January 19, 2016
How can we be compassionate with ourselves on and off the yoga mat? I chose this heart opener or Urdhva Danurasana because it is a pose I need to have a lot of compassion for myself when practicing. Backbends are tough for me. I see very little progress with these poses and often wonder why my back isn't more flexible. I remind myself that this is my journey and to not get caught up in trying to achieve some advanced version of a pose. Maybe one day I'll have a beautiful curve in my spine but then again maybe I won't and that's perfectly fine. In the end it doesn't determine how good a person I am or even how dedicated to my practice I am.

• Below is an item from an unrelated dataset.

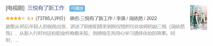 B站作为后起之秀,继去年的《突如其来的假期》后,今年也拿出了《三悦有了新工作》供市场检验。在豆瓣,有超过7万人为这部剧打出了8.4的高分,排在去年豆瓣剧集评分榜单的第三位。
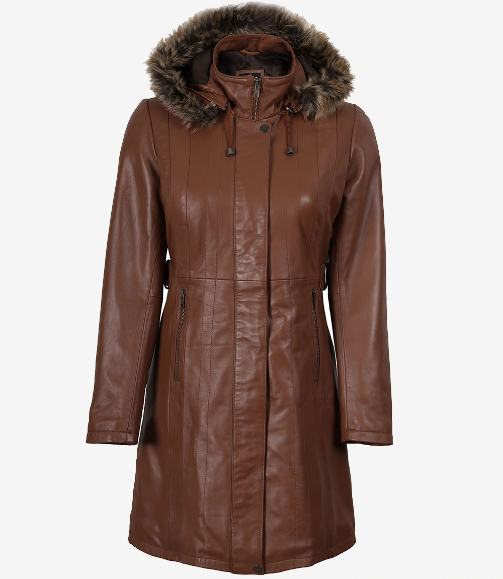 Women’s Brown Leather Long Coat With Faux Fur Hood

Off the mat I feel tremendous amounts of compassion for others but I need to cultivate more compassion for myself. I remember one of the first days at the ashram, we shared our stories of how we came to yoga and Ayurveda. I was so moved by each woman's story and if they cried, I cried. So many of the women echoed sentiments I feel regularly and felt such a kinship with them. However, directing that same sense of compassion to myself is much more difficult. I hold myself to a very high standard. Too high in many ways. I expect perfection and feel down about myself when I fail to live up to these unreasonable expectations. I allow my mind to get caught in this endless cycle of replaying my mistakes until I'd dissected and understood each nuance so that I wouldn't make the same error twice. I messed up. Big deal. There's no point in dwelling. These sentences need to be my mantra. I have to extend the compassion I have for others to myself.